Microsoft introduced the chatbot in February 2023 under the name "Bing Chat", as a built-in feature for Microsoft Bing and Microsoft Edge, and throughout 2023, at the Build 2023 conference, Microsoft announced its plans to integrate Copilot into Windows 11, allowing users to access it directly from the taskbar, and in January 2024, a dedicated Copilot key for Windows keyboards was announced.
In 2019, Microsoft entered into a partnership with OpenAI and began investing billions of dollars in the organization. OpenAI's systems ran on Microsoft's Azure-based supercomputing platform, and in September 2020, Microsoft announced that it had licensed "GPT-3" from OpenAI exclusively from the base model.

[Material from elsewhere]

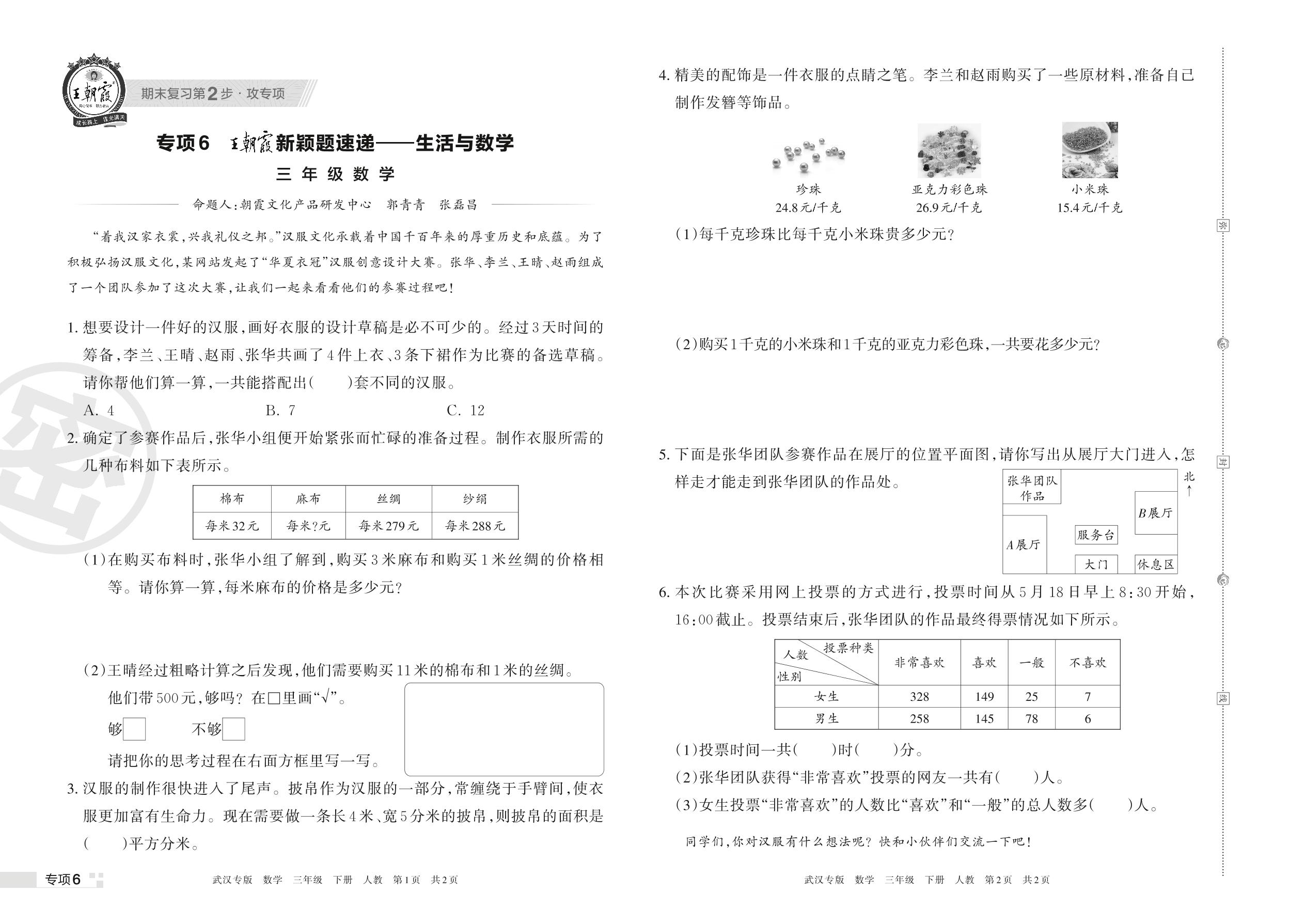 王朝霞期末专项卷——新颖题速递:生活与数学三年级下册数学(人教版)_R220408173557149【6】

On January 23, 2023, Microsoft announced a multi-year $10 billion investment in OpenAI, after OpenAI launched ChatGPT, an AI chatbot based on GPT-3.5, which gained global attention after its release, and Google followed suit in February by announcing Bard (now Gemini), a chatbot similar to ChatGPT and Copilot, fearing that they would threaten Google's position as a source of information.

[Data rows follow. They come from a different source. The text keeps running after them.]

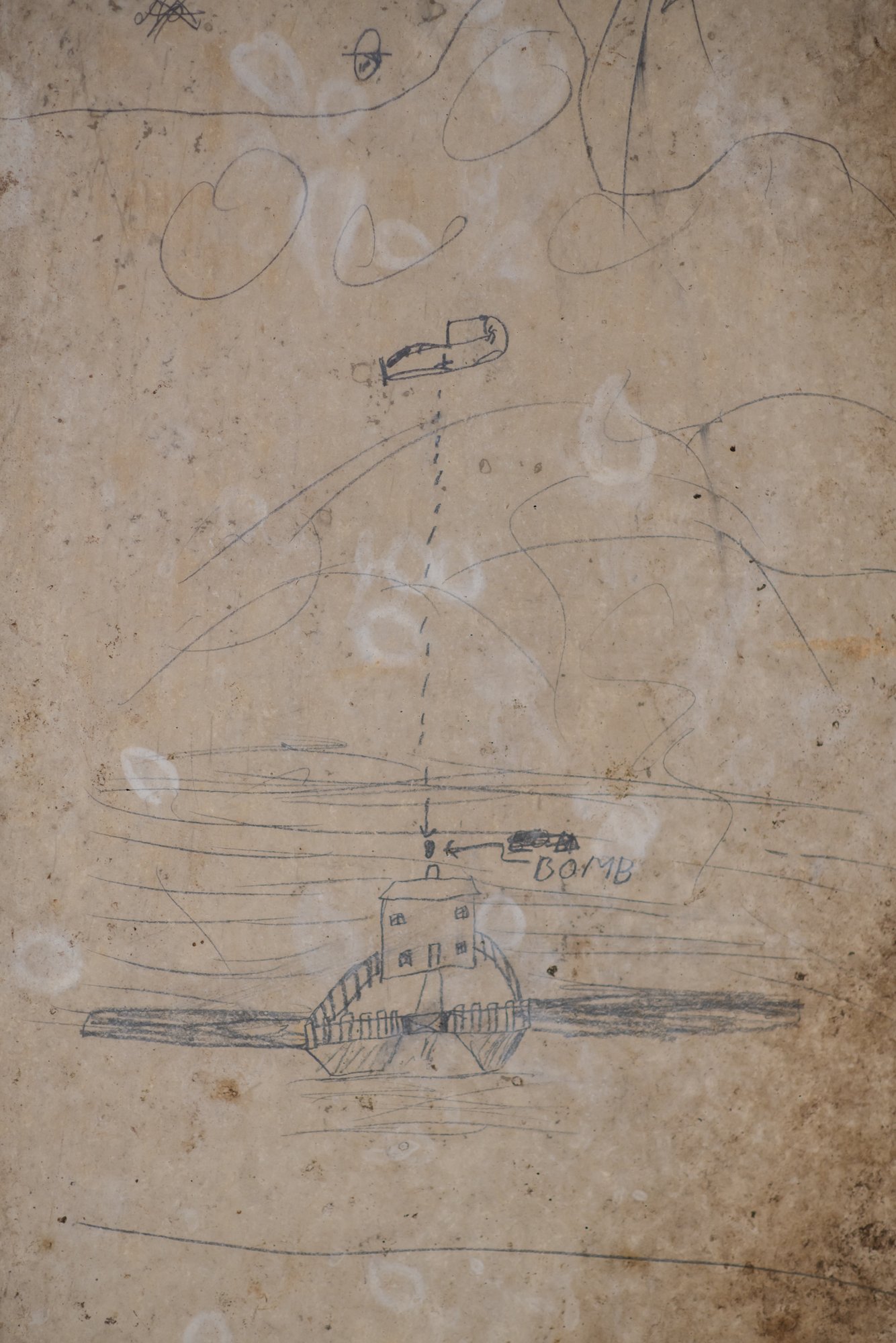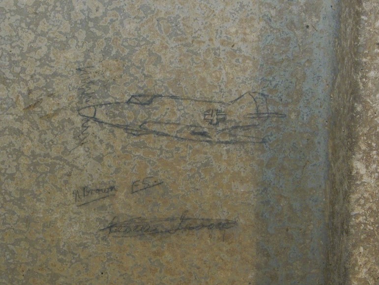 Boredom and fear must have been prevalent and are reflected in many graffiti drawings on the walls of the shelters, including names, drawings, games and simple scrawls. Most appeared to be drawn in pencil, many no doubt by bored children either taking part in a drill or during an actual air raid. Caricatures of Adolf Hitler, swastikas, images of the blitz and aeroplanes bearing German crosses can all be dated to the Second Word War.
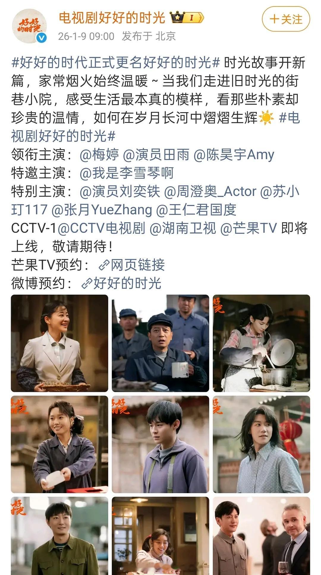 现在整个剧圈大盘,全指望梅婷这部新剧来救了!接档《太平年》,梅婷 × 年代剧这个配置太稳了。押爆!收视和网播大盘,就靠《好好的时光》来扛了!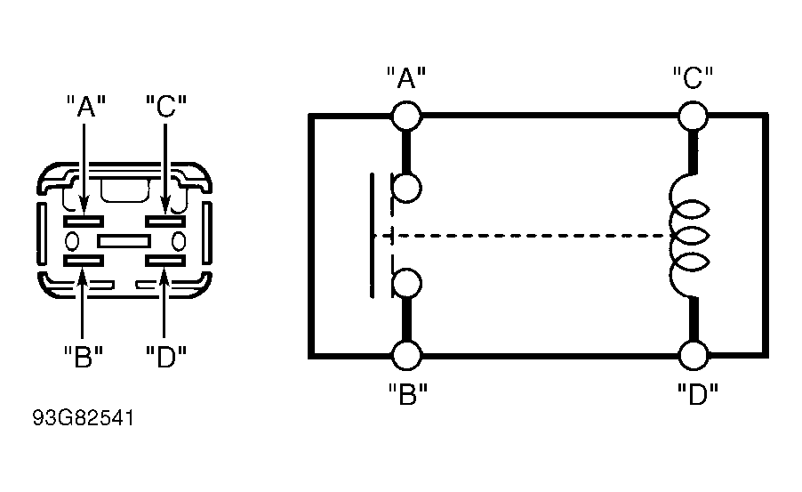Remove power window relay from underhood fuse/relay box. Check for continuity between terminals "A" and "B". Continuity should not exist. Using jumper wires, connect terminals "C" and "D" to battery voltage and ground. See Fig 1 . If continuity does not exist between terminals "A" and "B", replace relay.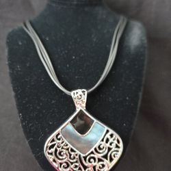 2 Lia Sophia Silvertone Necklaces Heart Charms Crystals Abalone Black Cord Vtg$20Oakland, FL

Copilot uses Microsoft's Prometheus model, built on OpenAI's GPT-4 large language model, which has been fine-tuned using supervised and reinforcement learning techniques. Copilot's conversational interface style is similar to ChatGPT's, and the chatbot can cite sources, create poems, generate songs, and use multiple languages and dialects.
Microsoft Copilot also operates on a freemium model, whereby free users can access most of the features, while priority access to newer features, including the creation of a custom chatbot, is provided to paid subscribers under the paid subscription service “Microsoft Copilot Pro.”